═════ DATA EXTRACTS

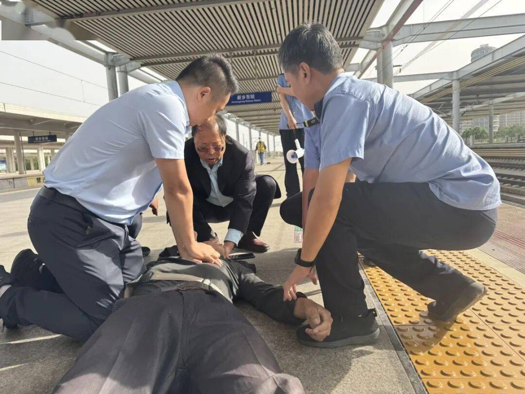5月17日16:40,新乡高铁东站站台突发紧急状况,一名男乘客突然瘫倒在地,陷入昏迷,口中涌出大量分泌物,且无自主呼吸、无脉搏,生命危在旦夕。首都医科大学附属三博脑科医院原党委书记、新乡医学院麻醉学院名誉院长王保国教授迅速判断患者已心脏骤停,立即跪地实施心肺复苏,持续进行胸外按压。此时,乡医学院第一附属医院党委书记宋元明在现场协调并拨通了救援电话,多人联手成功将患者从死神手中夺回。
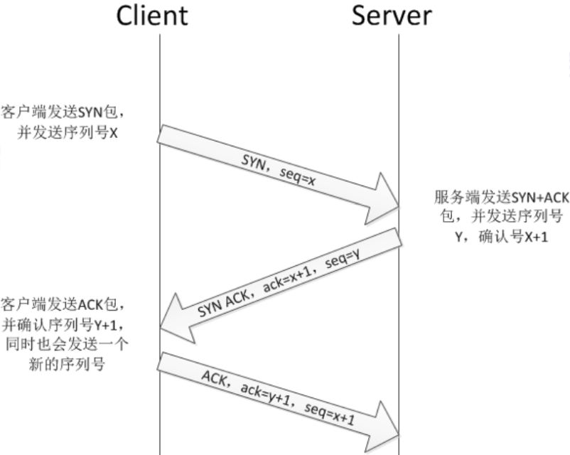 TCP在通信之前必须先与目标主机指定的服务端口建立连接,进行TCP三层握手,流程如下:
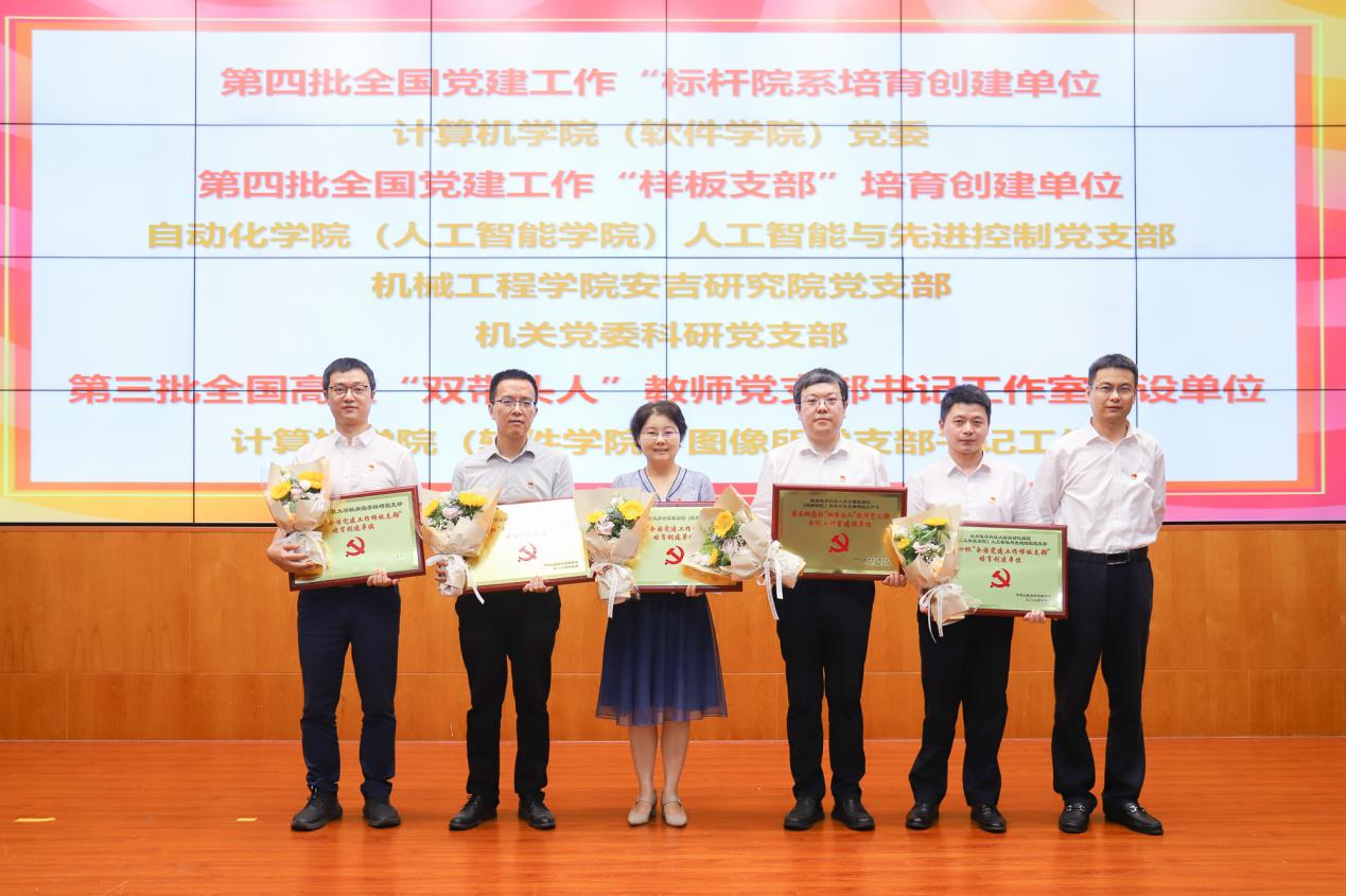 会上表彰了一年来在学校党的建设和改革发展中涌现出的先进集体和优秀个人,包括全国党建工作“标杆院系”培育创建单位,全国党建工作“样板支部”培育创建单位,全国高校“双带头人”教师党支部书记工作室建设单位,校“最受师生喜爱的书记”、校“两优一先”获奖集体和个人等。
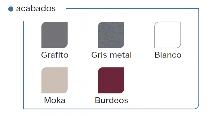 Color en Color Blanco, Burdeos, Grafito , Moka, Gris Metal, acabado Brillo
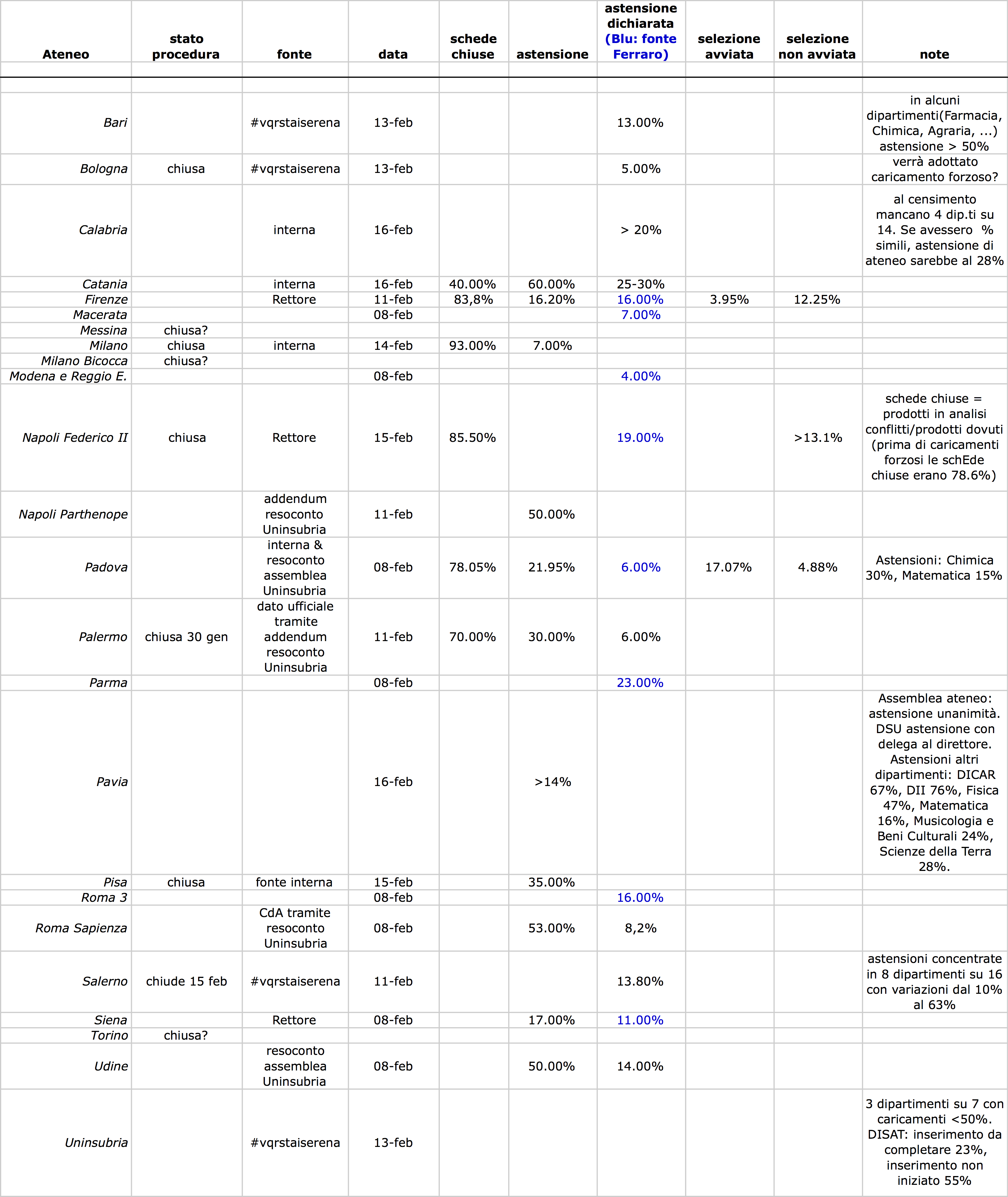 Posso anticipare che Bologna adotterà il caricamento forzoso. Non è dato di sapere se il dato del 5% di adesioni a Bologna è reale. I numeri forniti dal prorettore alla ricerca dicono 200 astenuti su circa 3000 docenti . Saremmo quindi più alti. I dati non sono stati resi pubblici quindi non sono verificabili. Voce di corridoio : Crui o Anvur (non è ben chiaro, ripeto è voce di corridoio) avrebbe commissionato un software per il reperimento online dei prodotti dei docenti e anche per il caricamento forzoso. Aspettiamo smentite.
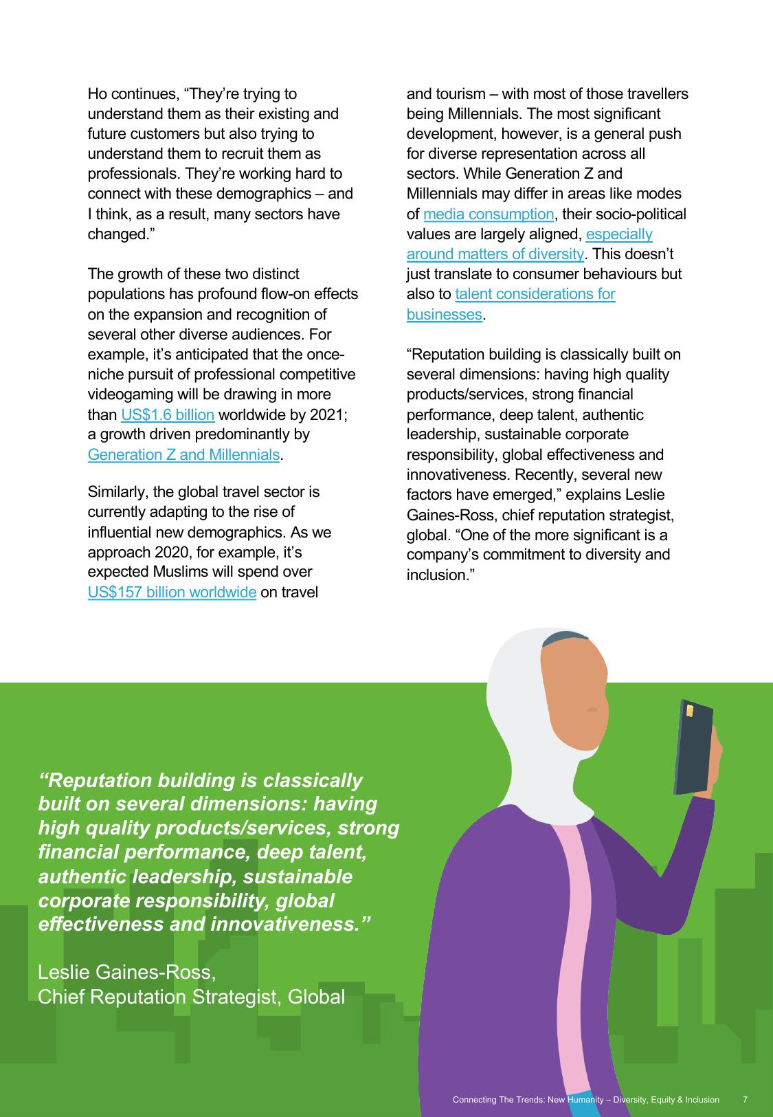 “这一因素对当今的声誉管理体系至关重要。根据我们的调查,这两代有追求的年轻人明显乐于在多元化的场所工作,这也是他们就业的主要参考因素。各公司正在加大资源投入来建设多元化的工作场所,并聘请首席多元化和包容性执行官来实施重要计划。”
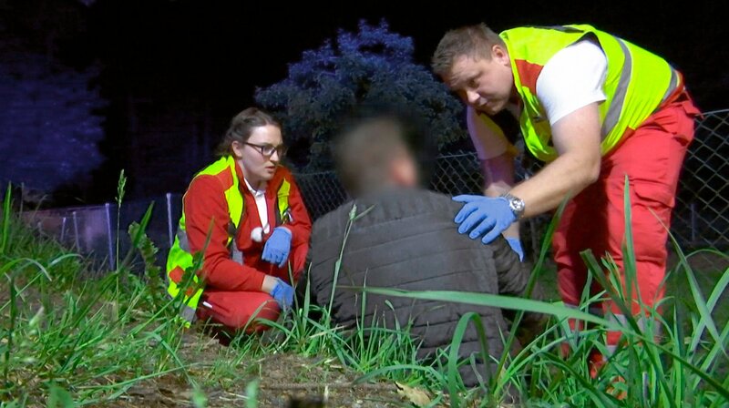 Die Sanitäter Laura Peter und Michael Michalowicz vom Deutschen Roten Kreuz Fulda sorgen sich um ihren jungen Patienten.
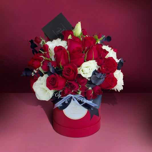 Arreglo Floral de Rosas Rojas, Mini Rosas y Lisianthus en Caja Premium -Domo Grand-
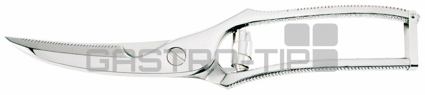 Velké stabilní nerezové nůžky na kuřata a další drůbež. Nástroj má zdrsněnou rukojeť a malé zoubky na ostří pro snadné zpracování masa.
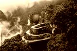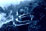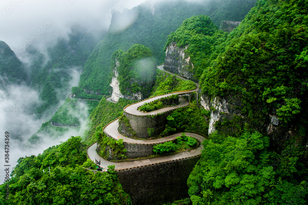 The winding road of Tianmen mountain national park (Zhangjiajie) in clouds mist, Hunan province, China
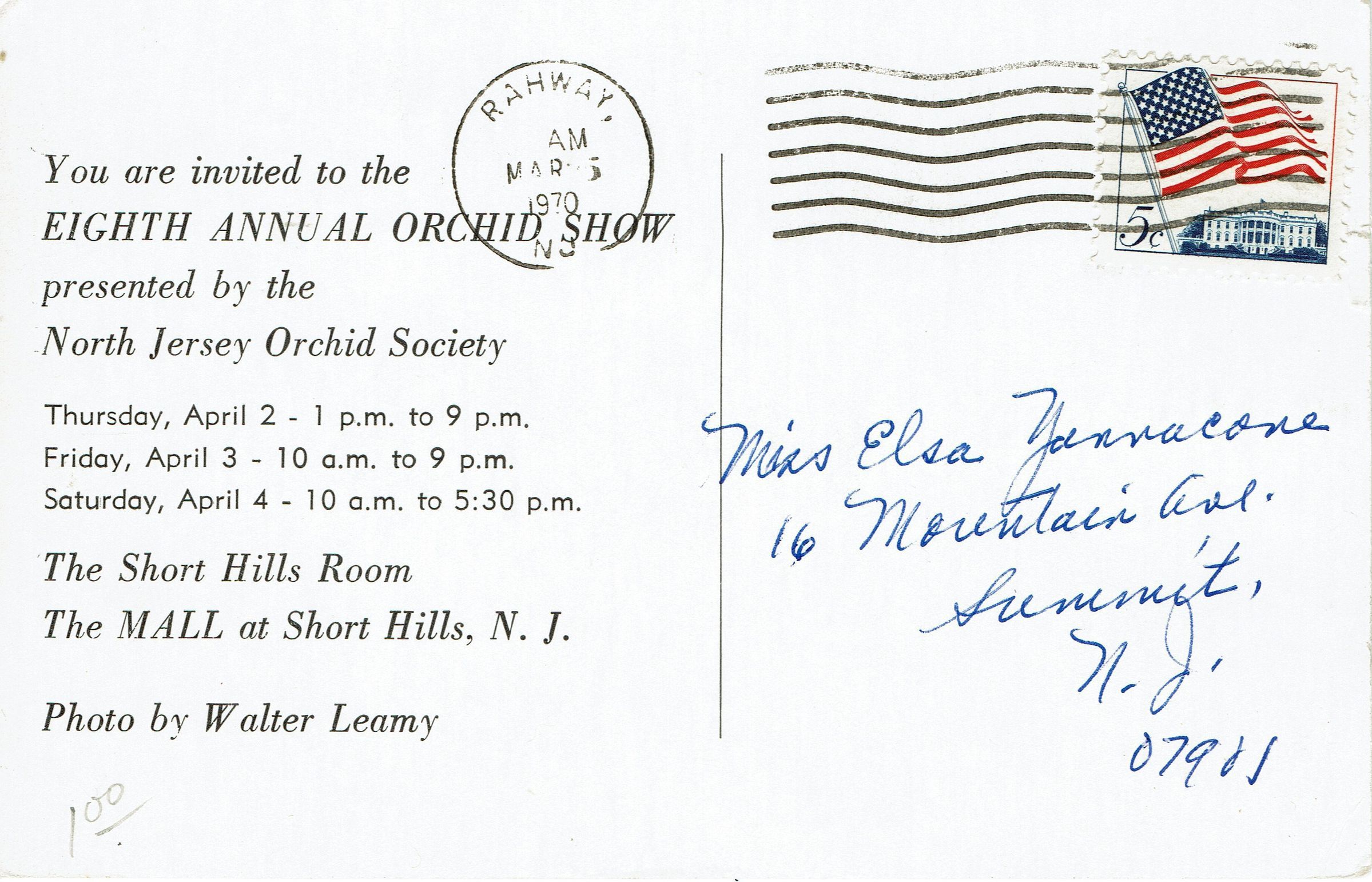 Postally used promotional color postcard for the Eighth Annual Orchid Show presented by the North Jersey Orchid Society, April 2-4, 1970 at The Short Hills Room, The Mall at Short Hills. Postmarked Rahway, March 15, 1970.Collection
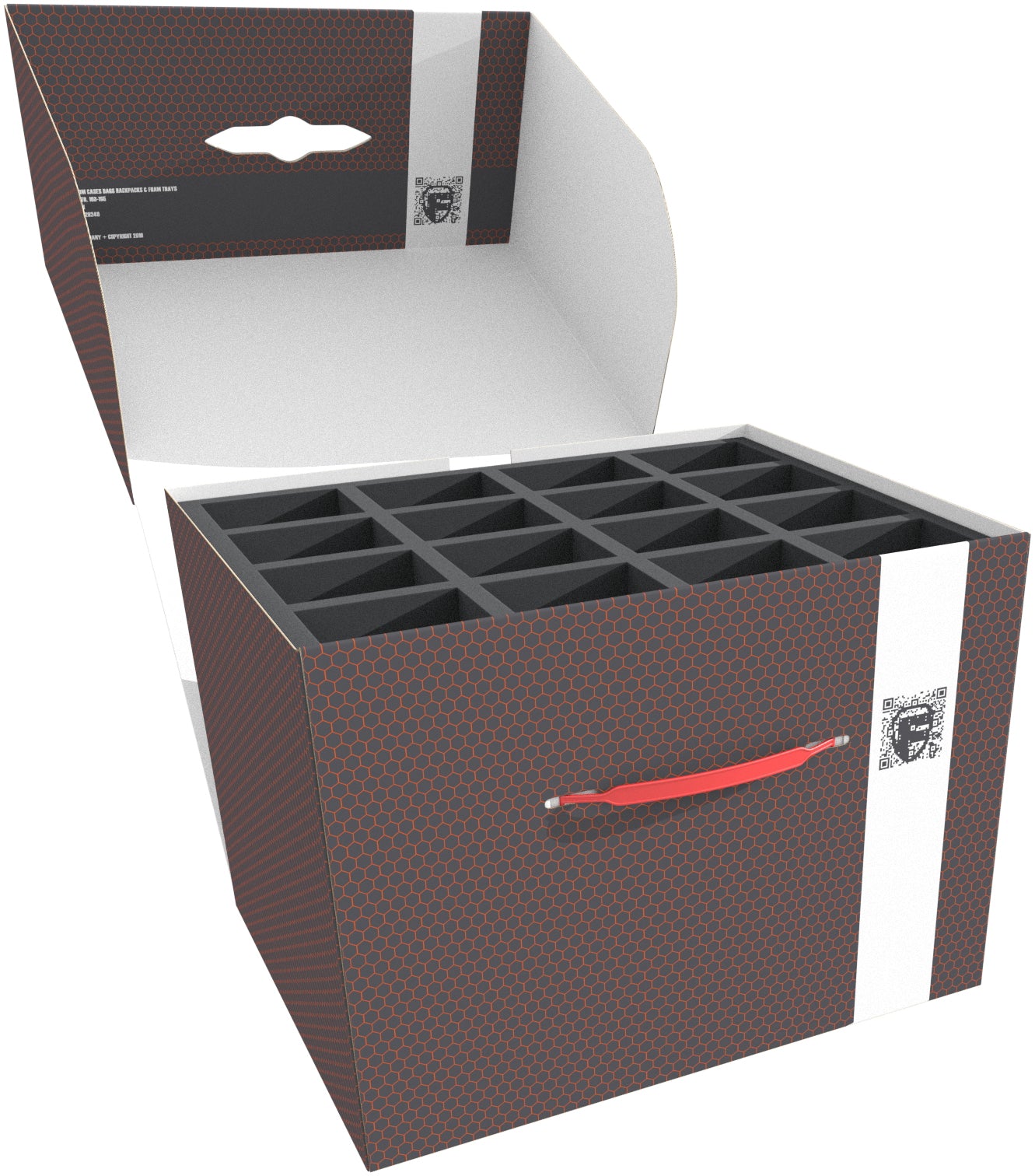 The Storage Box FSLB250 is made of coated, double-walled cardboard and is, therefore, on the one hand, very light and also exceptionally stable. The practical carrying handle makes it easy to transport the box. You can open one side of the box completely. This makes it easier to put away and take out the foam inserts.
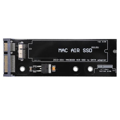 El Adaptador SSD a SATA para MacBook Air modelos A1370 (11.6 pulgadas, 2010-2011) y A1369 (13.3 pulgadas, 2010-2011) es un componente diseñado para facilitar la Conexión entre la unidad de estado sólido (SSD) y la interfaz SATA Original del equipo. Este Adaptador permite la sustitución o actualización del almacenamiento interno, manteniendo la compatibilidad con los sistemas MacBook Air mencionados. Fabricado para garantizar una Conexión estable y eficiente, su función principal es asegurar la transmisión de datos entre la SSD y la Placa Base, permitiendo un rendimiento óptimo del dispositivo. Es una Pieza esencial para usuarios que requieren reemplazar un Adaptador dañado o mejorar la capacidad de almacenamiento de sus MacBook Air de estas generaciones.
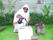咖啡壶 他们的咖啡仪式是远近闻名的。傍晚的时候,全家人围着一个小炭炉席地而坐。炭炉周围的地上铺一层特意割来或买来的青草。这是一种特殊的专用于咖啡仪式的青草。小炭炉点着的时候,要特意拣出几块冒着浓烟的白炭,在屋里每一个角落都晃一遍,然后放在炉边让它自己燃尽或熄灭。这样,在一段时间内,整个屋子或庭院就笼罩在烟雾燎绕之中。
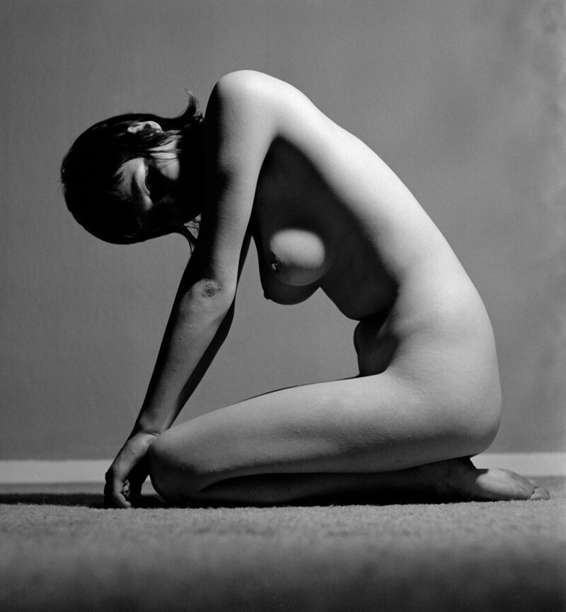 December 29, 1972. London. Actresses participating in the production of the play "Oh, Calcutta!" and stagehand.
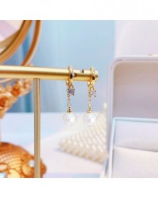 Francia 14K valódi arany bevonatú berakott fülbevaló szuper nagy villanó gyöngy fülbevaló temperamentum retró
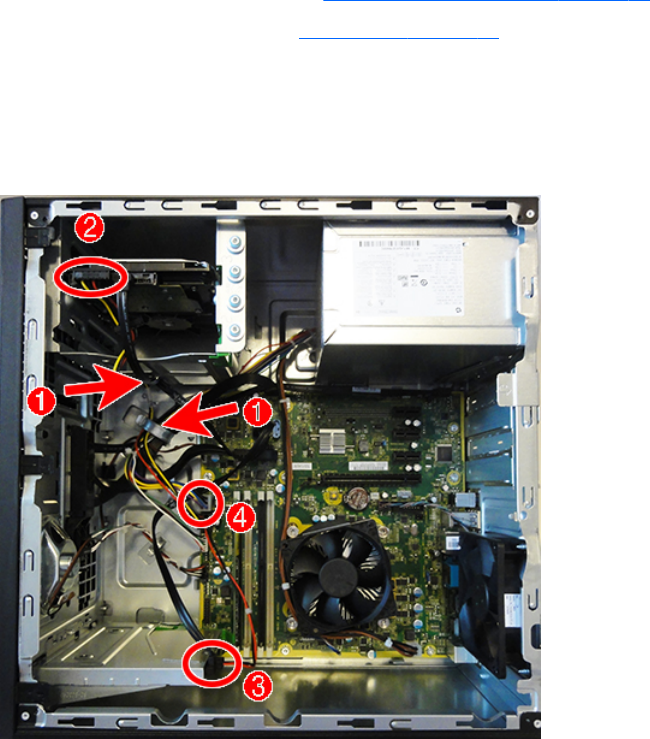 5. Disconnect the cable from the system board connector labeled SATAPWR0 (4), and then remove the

══════════

WHAT YOU HAVE TO DO ->
Please repeat every record exactly as it stands, leaving out any pictures.

OUTPUT OF THE TASK ->
5月17日16:40,新乡高铁东站站台突发紧急状况,一名男乘客突然瘫倒在地,陷入昏迷,口中涌出大量分泌物,且无自主呼吸、无脉搏,生命危在旦夕。首都医科大学附属三博脑科医院原党委书记、新乡医学院麻醉学院名誉院长王保国教授迅速判断患者已心脏骤停,立即跪地实施心肺复苏,持续进行胸外按压。此时,乡医学院第一附属医院党委书记宋元明在现场协调并拨通了救援电话,多人联手成功将患者从死神手中夺回。
 TCP在通信之前必须先与目标主机指定的服务端口建立连接,进行TCP三层握手,流程如下:
 会上表彰了一年来在学校党的建设和改革发展中涌现出的先进集体和优秀个人,包括全国党建工作“标杆院系”培育创建单位,全国党建工作“样板支部”培育创建单位,全国高校“双带头人”教师党支部书记工作室建设单位,校“最受师生喜爱的书记”、校“两优一先”获奖集体和个人等。
 Color en Color Blanco, Burdeos, Grafito , Moka, Gris Metal, acabado Brillo
 Posso anticipare che Bologna adotterà il caricamento forzoso. Non è dato di sapere se il dato del 5% di adesioni a Bologna è reale. I numeri forniti dal prorettore alla ricerca dicono 200 astenuti su circa 3000 docenti . Saremmo quindi più alti. I dati non sono stati resi pubblici quindi non sono verificabili. Voce di corridoio : Crui o Anvur (non è ben chiaro, ripeto è voce di corridoio) avrebbe commissionato un software per il reperimento online dei prodotti dei docenti e anche per il caricamento forzoso. Aspettiamo smentite.
 “这一因素对当今的声誉管理体系至关重要。根据我们的调查,这两代有追求的年轻人明显乐于在多元化的场所工作,这也是他们就业的主要参考因素。各公司正在加大资源投入来建设多元化的工作场所,并聘请首席多元化和包容性执行官来实施重要计划。”
 Die Sanitäter Laura Peter und Michael Michalowicz vom Deutschen Roten Kreuz Fulda sorgen sich um ihren jungen Patienten.
 Arreglo Floral de Rosas Rojas, Mini Rosas y Lisianthus en Caja Premium -Domo Grand-
 Velké stabilní nerezové nůžky na kuřata a další drůbež. Nástroj má zdrsněnou rukojeť a malé zoubky na ostří pro snadné zpracování masa.
 The winding road of Tianmen mountain national park (Zhangjiajie) in clouds mist, Hunan province, China
 Postally used promotional color postcard for the Eighth Annual Orchid Show presented by the North Jersey Orchid Society, April 2-4, 1970 at The Short Hills Room, The Mall at Short Hills. Postmarked Rahway, March 15, 1970.Collection
 The Storage Box FSLB250 is made of coated, double-walled cardboard and is, therefore, on the one hand, very light and also exceptionally stable. The practical carrying handle makes it easy to transport the box. You can open one side of the box completely. This makes it easier to put away and take out the foam inserts.
 El Adaptador SSD a SATA para MacBook Air modelos A1370 (11.6 pulgadas, 2010-2011) y A1369 (13.3 pulgadas, 2010-2011) es un componente diseñado para facilitar la Conexión entre la unidad de estado sólido (SSD) y la interfaz SATA Original del equipo. Este Adaptador permite la sustitución o actualización del almacenamiento interno, manteniendo la compatibilidad con los sistemas MacBook Air mencionados. Fabricado para garantizar una Conexión estable y eficiente, su función principal es asegurar la transmisión de datos entre la SSD y la Placa Base, permitiendo un rendimiento óptimo del dispositivo. Es una Pieza esencial para usuarios que requieren reemplazar un Adaptador dañado o mejorar la capacidad de almacenamiento de sus MacBook Air de estas generaciones.
咖啡壶 他们的咖啡仪式是远近闻名的。傍晚的时候,全家人围着一个小炭炉席地而坐。炭炉周围的地上铺一层特意割来或买来的青草。这是一种特殊的专用于咖啡仪式的青草。小炭炉点着的时候,要特意拣出几块冒着浓烟的白炭,在屋里每一个角落都晃一遍,然后放在炉边让它自己燃尽或熄灭。这样,在一段时间内,整个屋子或庭院就笼罩在烟雾燎绕之中。
 December 29, 1972. London. Actresses participating in the production of the play "Oh, Calcutta!" and stagehand.
 Francia 14K valódi arany bevonatú berakott fülbevaló szuper nagy villanó gyöngy fülbevaló temperamentum retró
 5. Disconnect the cable from the system board connector labeled SATAPWR0 (4), and then remove the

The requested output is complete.